**Required action:**
Print all of the data below exactly as it appears, leaving out every image.

**Source information:**

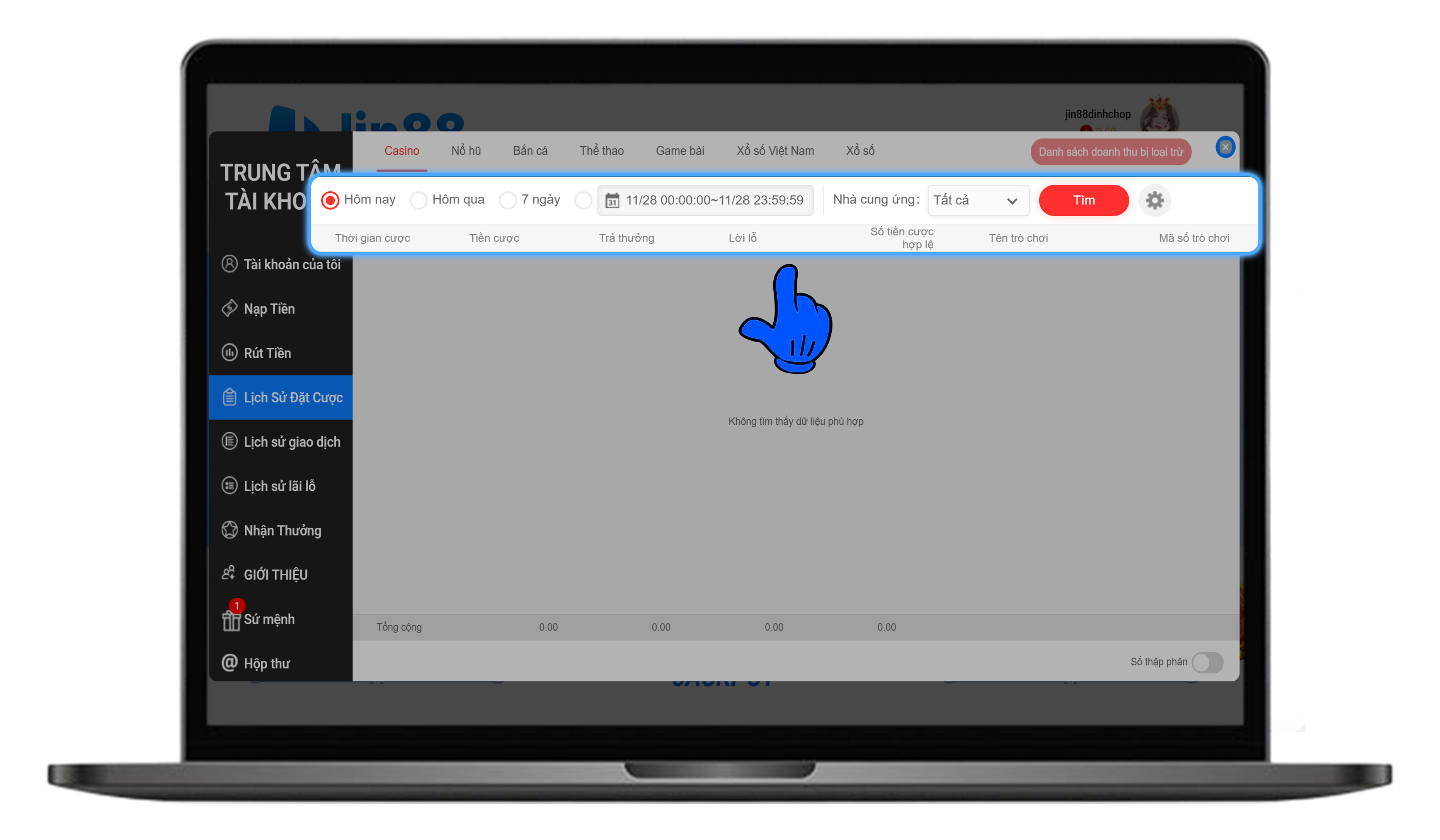 C. Hướng Dẫn Kiểm Tra Lịch Sử Đặt Cược PC C. Hướng Dẫn Kiểm Tra Lịch Sử Đặt Cược PC 01 ĐĂNG NHẬP TÀI KHOẢN CHỌN LỊCH SỬ ĐẶT CƯỢC"02 CHỌN SẢN PHẨM VÀ THỜI GIAN MUỐN KIỂM TRA.
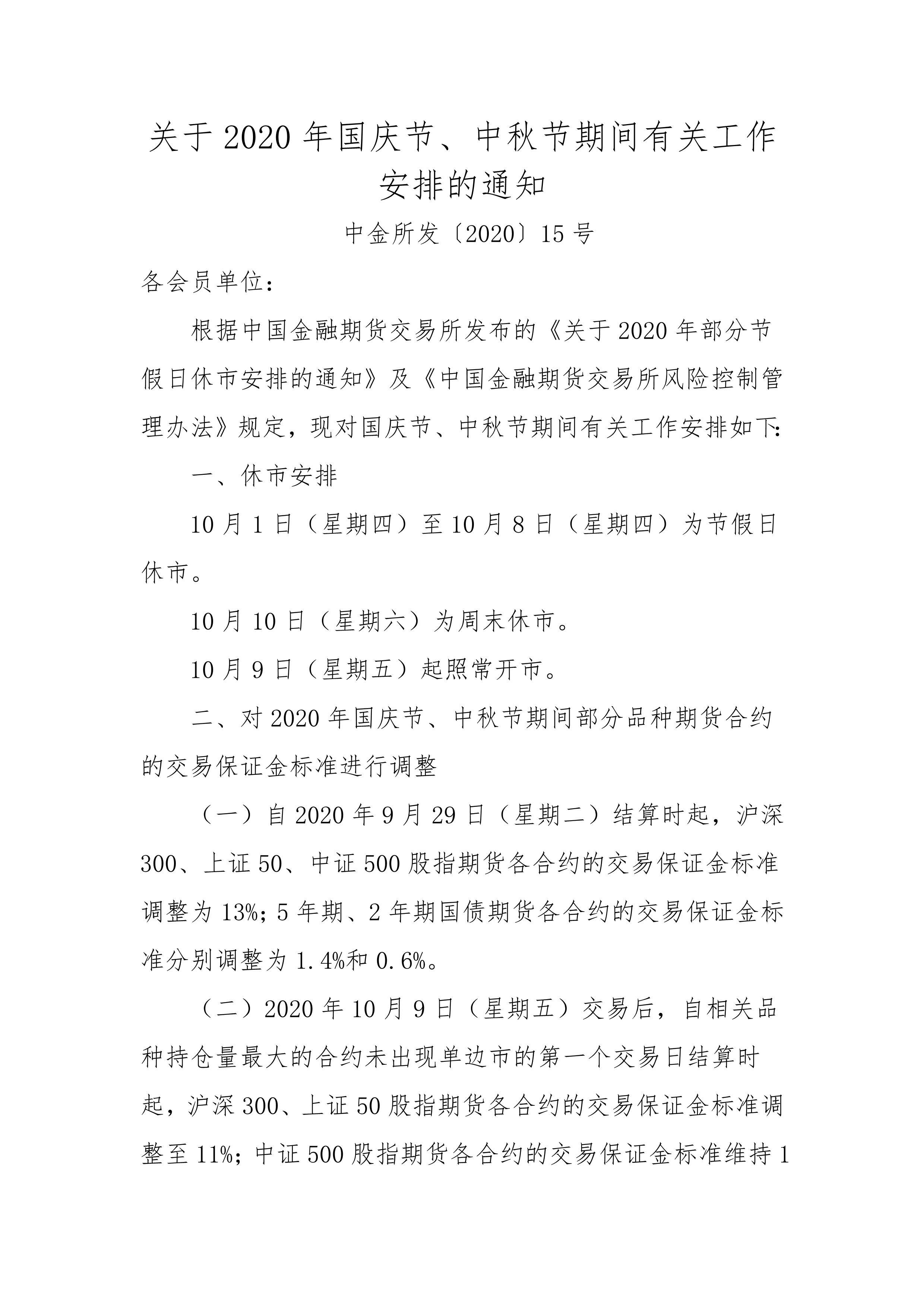 关于2020年国庆节、中秋节期间有关工作安排的通知
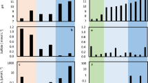 Further insight can be gained by mass balance modelling of the sulfate concentrations. Using geochemical and experimental data36, a rate of sulfate production from IROP in the Kidd Creek rocks can be estimated (see the ‘Methods’ section) to a first approximation at 1.7 × 10−5 μM per year to 4.9 × 10−4 μM per year (Supplementary Table 2). On the basis of the residence times for these waters3, the accumulated sulfate concentrations in the fracture waters from IROP would be 1.9 × 104 to 5.4 × 105 μM (for 1.1 billion years) or 4.4 × 104 to 1.3 × 106 μM (for the maximum residence time of 2.6 billion years estimated for these waters). Both estimates are orders of magnitude higher than the measured values of dissolved sulfate (97 to 376 μM), again suggesting that removal processes need to be examined to account for both the elevated δ34S values and lowered concentrations of dissolved sulfate observed in the fracture waters.
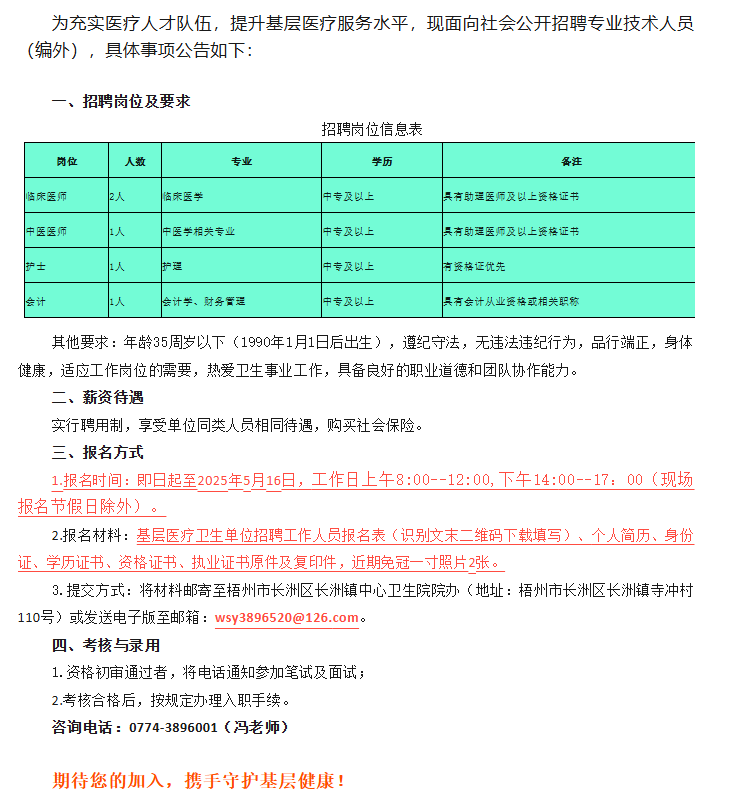 原文標(biāo)題:2025年梧州市長(zhǎng)洲區(qū)長(zhǎng)洲鎮(zhèn)中心衛(wèi)生院公開招聘公告
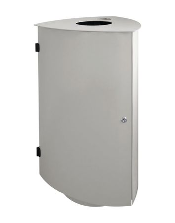 Dieser Standabfallbehälter mit Ascher ist aus feuerverzinktem Stahl gefertigt und dadurch besonders witterungsbeständig. Die Oberfläche ist zusätzlich in einer der attraktiven Standard-Farben pulverbeschichtet. Der Einwurf des Abfalls erfolgt über eine runde Öffnung in der Deckelscheibe auf der Oberseite mit ca. 200 mm Durchmesser und fällt in einen praktischen Innenbehälter mit 2 Fallgriffen. Zigarettenkippen können separat abgestreift und eingeworfen werden. Die Entleerung des Innenbehälters erfolgt durch eine Tür, die mit einem Dreikantschloss ausgestattet ist und sich so sichern lässt. Für stabilen Stand wird der Abfallbehälter auf dem Untergrund aufgeschraubt.
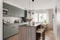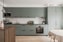 Känslan av nytt i lägenheten är påtaglig, liksom den ombonade känslan som fås genom fina accenter i dämpade toner. Köksinredningen sticker ut med sina gröna luckor och inslag av mörkt trä. Nyanser av både grått och beige förekommer även på interiör i badrum och på väggarna i ett av sovrummen.
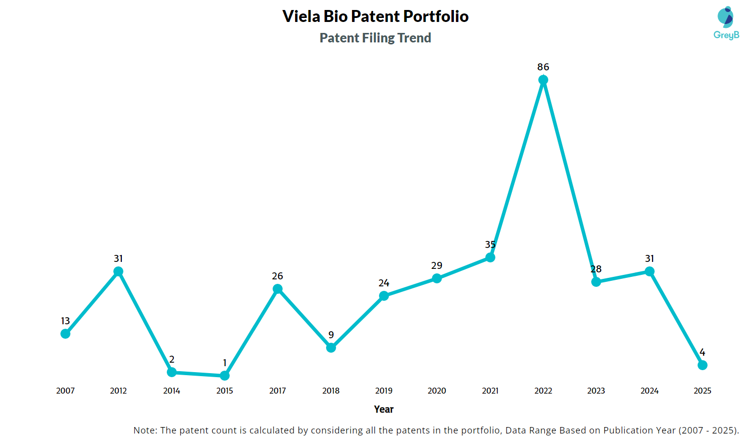 Below are the key stats of Viela Bio patent prosecution at the USPTO.
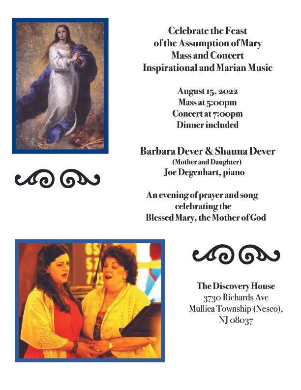Feast Of The Assumption Of Mary ~ Mass & Concert Monday Aug -15 5pm
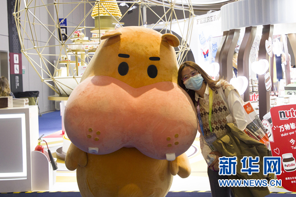 觀眾在第三屆進博會上的食品及農產品展區(qū)與人偶合影(11月5日攝)。新華網 吳一航 攝
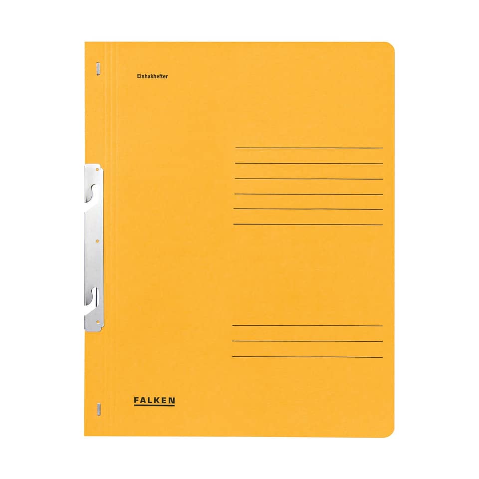 Einhakhefter A4 1/1 Vorderdeckel. Art der Heftung: kaufmännische Heftung. Ausstattung: ganz, Abheftvorrichtung vorhanden, Organisationsaufdruck vorhanden. Werkstoff: Manilakarton. Papiergewicht bzw Stärke: 250 g/qm. Verwendung für Papierformate: A4. Größe (B x H): 240 x 305 mm. Farbe: Gelb. Blauer Engel.
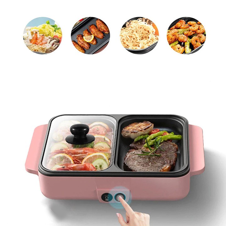 Nồi lẩu nướng điện mini 2 ngăn Chống Dính Đa Chức Năng mẫu mới nhất hiện nay

**Task result:**
 C. Hướng Dẫn Kiểm Tra Lịch Sử Đặt Cược PC C. Hướng Dẫn Kiểm Tra Lịch Sử Đặt Cược PC 01 ĐĂNG NHẬP TÀI KHOẢN CHỌN LỊCH SỬ ĐẶT CƯỢC"02 CHỌN SẢN PHẨM VÀ THỜI GIAN MUỐN KIỂM TRA.
 关于2020年国庆节、中秋节期间有关工作安排的通知
 Further insight can be gained by mass balance modelling of the sulfate concentrations. Using geochemical and experimental data36, a rate of sulfate production from IROP in the Kidd Creek rocks can be estimated (see the ‘Methods’ section) to a first approximation at 1.7 × 10−5 μM per year to 4.9 × 10−4 μM per year (Supplementary Table 2). On the basis of the residence times for these waters3, the accumulated sulfate concentrations in the fracture waters from IROP would be 1.9 × 104 to 5.4 × 105 μM (for 1.1 billion years) or 4.4 × 104 to 1.3 × 106 μM (for the maximum residence time of 2.6 billion years estimated for these waters). Both estimates are orders of magnitude higher than the measured values of dissolved sulfate (97 to 376 μM), again suggesting that removal processes need to be examined to account for both the elevated δ34S values and lowered concentrations of dissolved sulfate observed in the fracture waters.
 原文標(biāo)題:2025年梧州市長(zhǎng)洲區(qū)長(zhǎng)洲鎮(zhèn)中心衛(wèi)生院公開招聘公告
 Dieser Standabfallbehälter mit Ascher ist aus feuerverzinktem Stahl gefertigt und dadurch besonders witterungsbeständig. Die Oberfläche ist zusätzlich in einer der attraktiven Standard-Farben pulverbeschichtet. Der Einwurf des Abfalls erfolgt über eine runde Öffnung in der Deckelscheibe auf der Oberseite mit ca. 200 mm Durchmesser und fällt in einen praktischen Innenbehälter mit 2 Fallgriffen. Zigarettenkippen können separat abgestreift und eingeworfen werden. Die Entleerung des Innenbehälters erfolgt durch eine Tür, die mit einem Dreikantschloss ausgestattet ist und sich so sichern lässt. Für stabilen Stand wird der Abfallbehälter auf dem Untergrund aufgeschraubt.
 Känslan av nytt i lägenheten är påtaglig, liksom den ombonade känslan som fås genom fina accenter i dämpade toner. Köksinredningen sticker ut med sina gröna luckor och inslag av mörkt trä. Nyanser av både grått och beige förekommer även på interiör i badrum och på väggarna i ett av sovrummen.
 Below are the key stats of Viela Bio patent prosecution at the USPTO.
Feast Of The Assumption Of Mary ~ Mass & Concert Monday Aug -15 5pm
 觀眾在第三屆進博會上的食品及農產品展區(qū)與人偶合影(11月5日攝)。新華網 吳一航 攝
 Einhakhefter A4 1/1 Vorderdeckel. Art der Heftung: kaufmännische Heftung. Ausstattung: ganz, Abheftvorrichtung vorhanden, Organisationsaufdruck vorhanden. Werkstoff: Manilakarton. Papiergewicht bzw Stärke: 250 g/qm. Verwendung für Papierformate: A4. Größe (B x H): 240 x 305 mm. Farbe: Gelb. Blauer Engel.
 Nồi lẩu nướng điện mini 2 ngăn Chống Dính Đa Chức Năng mẫu mới nhất hiện nay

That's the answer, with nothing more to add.